Mit dem FC Barcelona begeistert er die Fußballwelt, im Argentinien-Trikot gelingt Lionel Messi meist gar nichts. Sein erstes WM-Spiel zeigt: Das könnte vorbei sein.
Es war schon mehr als eine Stunde gespielt, als Lionel Messi einen Freistoß in die Wolken trat. Er verzog das Gesicht, die argentinischen Fans stöhnten. Und alle dachten: Geht das schon wieder los? Können wir Messi schon wieder vergessen bei dieser WM? Was ist verdammt noch mal sein Problem?

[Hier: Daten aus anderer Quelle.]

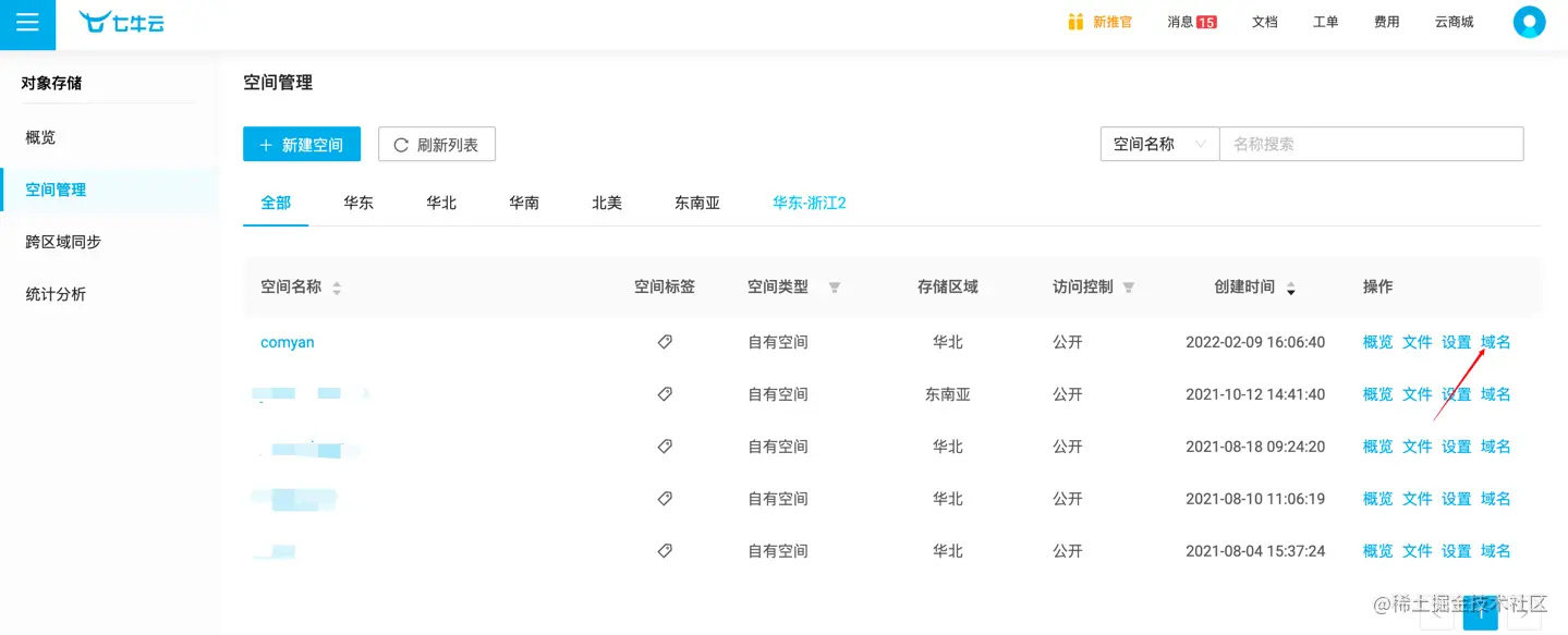 接下来让我们回到七牛云的空间管理,找到上一篇:如何用建木CI往七牛云上传文件文章中创建的名为comyan的空间。
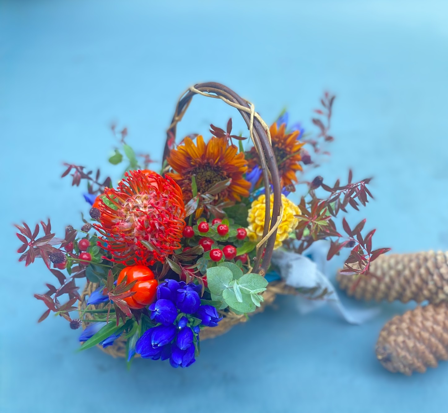 〇「秋の深色フラワーバスケットアレンジ」
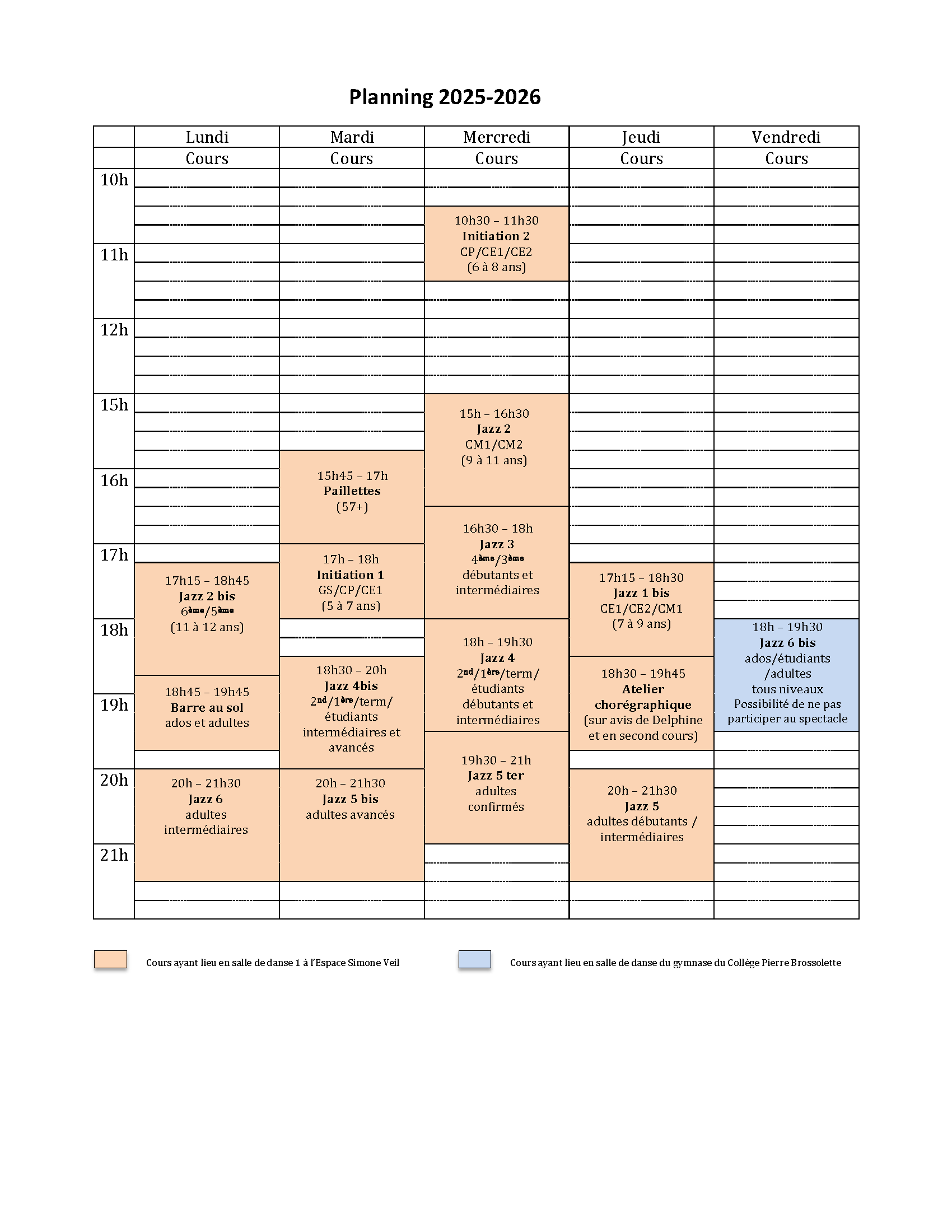 A noter : Ouverture de nouveaux cours de barre au sol pour tous, cours technique et variations pour ados et adultes intermédiaires sans spectacle de fin d’année et enfin, cours danse « Jazz Paillettes » pour adultes débutants de +55 ans
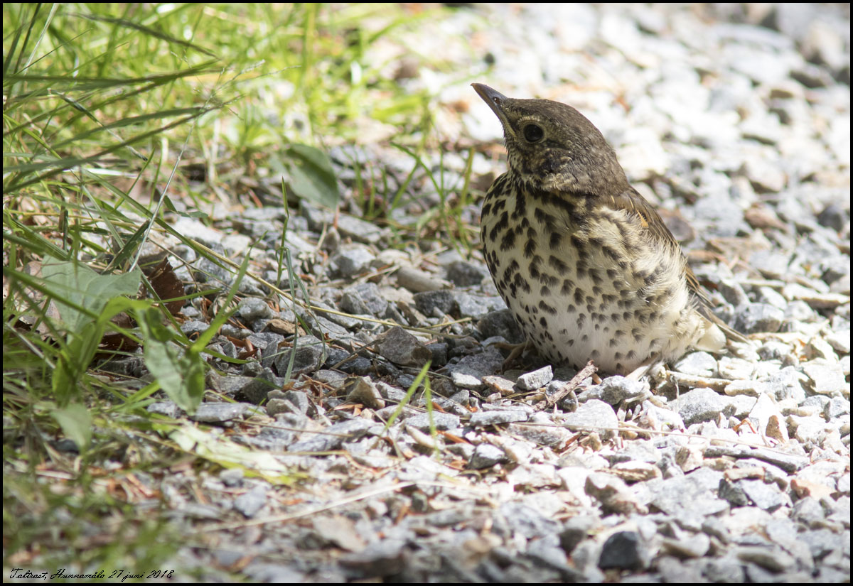 15 juni. Svarthätta matar flygga ungar intill huset. En unge räddade sig in under bilen då en skata ville ta den. |
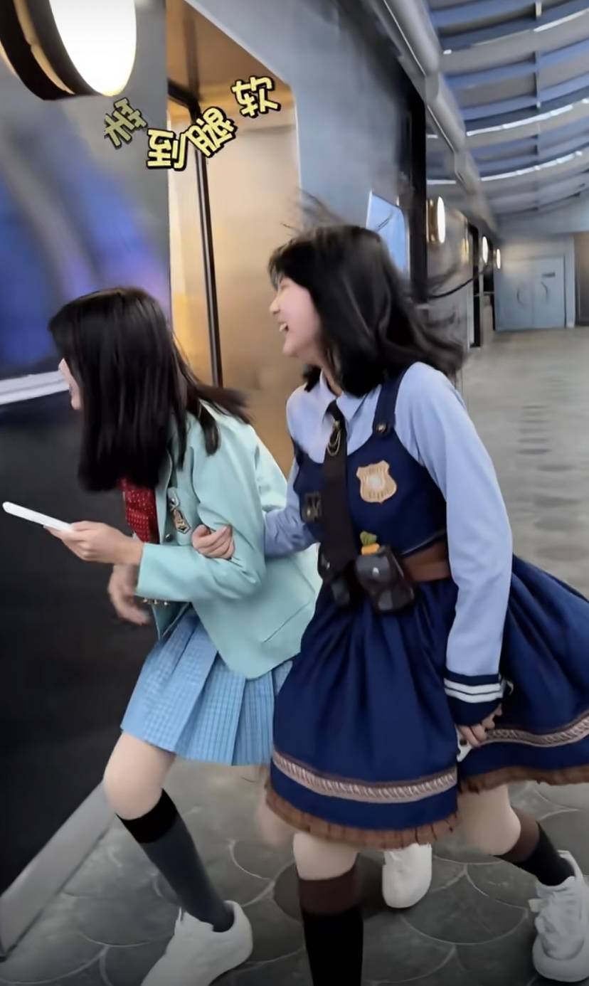 姐妹俩玩得太开心了,那种笑到腿软的感觉谁懂啊。
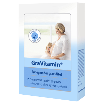 Gravitamin inneholder vitaminer og mineraler som er viktig og få i seg for den gravide, for at fosteret skal få dekket sitt behov og utvikle seg optimalt. Vitaminer er viktig for både mor og barn både før og under graviditeten. Gravitamin dekker behovet hos den gravide og inneholder også folsyre. Du får alle vitaminer og mineraler i en tablett gjennom kosttilskuddet Gravitamin. Gravitamin er et fint kosttilskudd å få i seg under graviditeten, like viktig som etter barnet er født, i ammeperioden. Gravitamin inneholder folsyre i tillegg til vitaminer og mineraler.
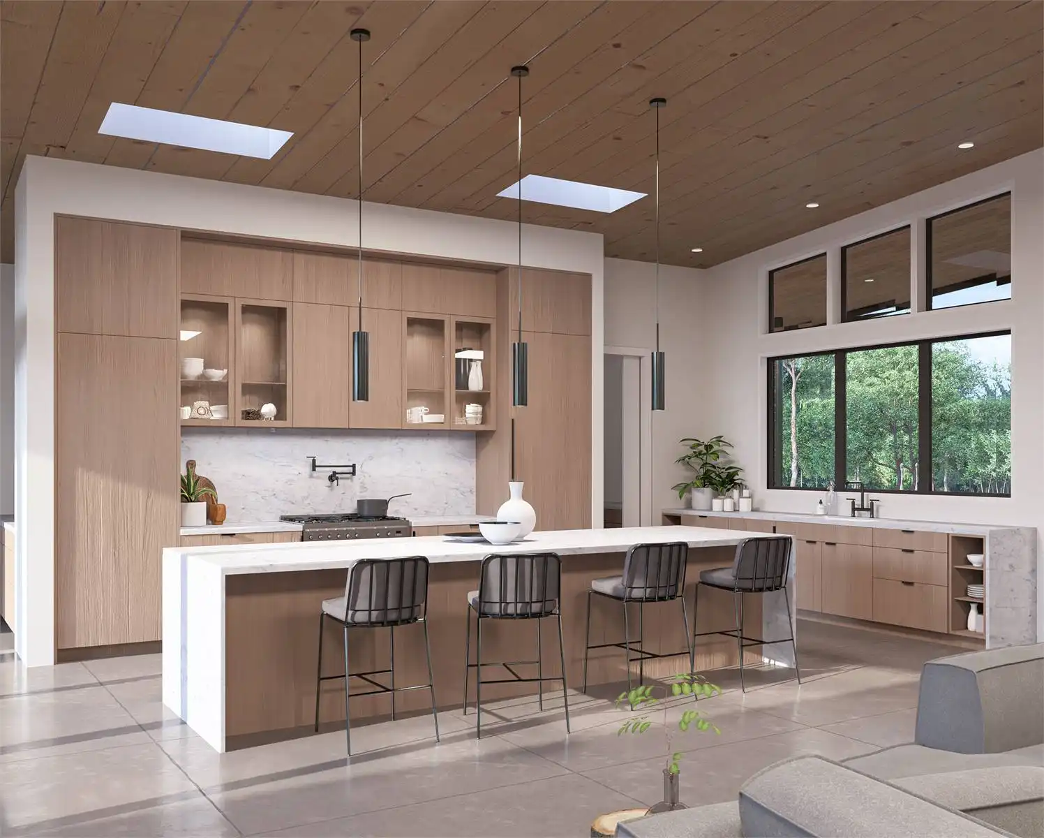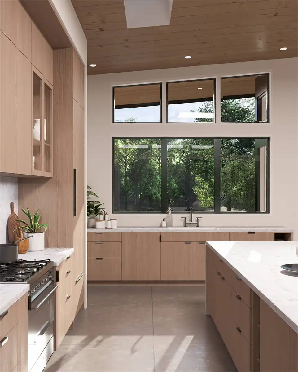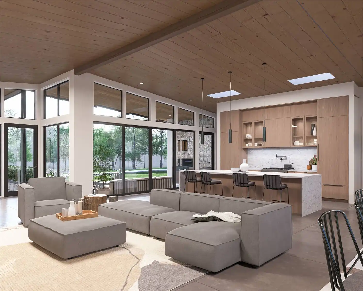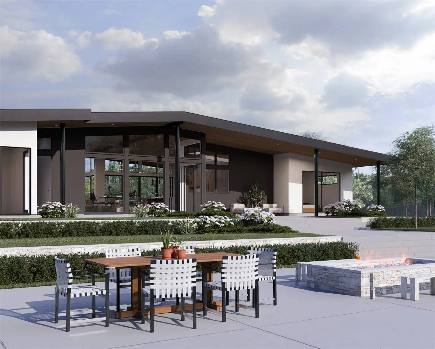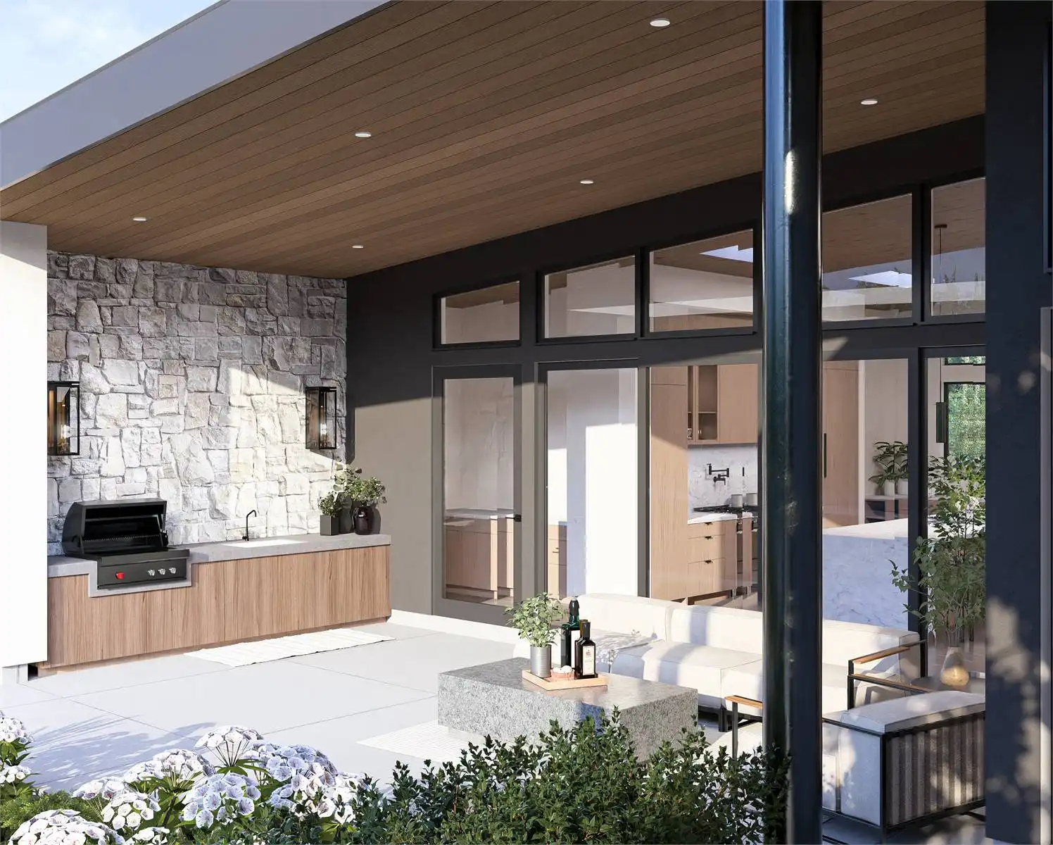 Welcome to House Plan 9333, a stunning 3-bedroom Contemporary home that beautifully blends style and comfort. With 3,118 square feet of space, this open-concept design maximizes natural light and spaciousness. The exterior features clean lines, a mix of materials, and floor-to-ceiling windows that seamlessly connect indoor and outdoor living. Inside, the expansive great room flows into the dining area and gourmet kitchen, complete with a large island with bar seating and ample storage. The primary suite, located in a split-bedroom layout on the right side of the home, offers a luxurious en-suite bathroom and a walk-in closet. Two additional bedrooms provide ample space for family or guests, and a versatile den adds flexibility to the floor plan. Outdoor living is enhanced by a covered patio with an outdoor kitchen, perfect for entertaining and enjoying the natural surroundings. House Plan 9333 masterfully combines mid-century aesthetics with modern conveniences, making it an ideal choice for those seeking a sophisticated and comfortable living space.

Bis dahin hatte Messi beim WM-Auftakt der Argentinier gegen Bosnien-Herzegowina sehr schlechten Fußball gespielt. Der beste Kicker der vergangenen Jahre bekam zwar immer wieder den Ball zugesteckt, stets verbunden mit der Aufforderung, etwas aus der Gelegenheit zu machen. Doch dann gab es genau zwei Möglichkeiten: Entweder Messi verlor den Ball. Oder er verlor ihn. Wenn Messi sich nicht verdribbelte, landete Brazuca – der Ball – in den Füßen des Gegners. Er bewegte sich kaum und wenn, dann so schwerfällig wie ein betrunkener Tangotänzer.
Argentiniens Fans kennen das. Während er im Trikot des FC Barcelona die Welt verzauberte, wirkte Messi in den weiß-blau-gestreiften Hemden lange wie sein unbegabterer Zwillingsbruder. Es gibt einen inzwischen beliebten Witz. Nämlich den, dass Arne Friedrich – ein fleißiger, aber fußballerisch nicht mit Ausnahmetalent gesegneter deutscher Innenverteidiger – genauso viele WM-Tore erzielt hat, wie Lionel Messi. Genau eines.
"Messi, der Fremde"
Als Argentinien bei der Copa America 2011 schon im Viertelfinale ausschied, wurde Messi ausgebuht. Ihm sei die Nationalelf egal, weil er ja schon mit 13 Jahren nach Spanien ging, hieß es. Ein bekannter Schriftsteller veröffentlichte einen Text mit dem Titel: "Messi, der Fremde". Messi dachte über einen Rücktritt aus der Nationalelf nach. Die Last der Erwartungen schien den zerbrechlichen Kerl zu überfordern.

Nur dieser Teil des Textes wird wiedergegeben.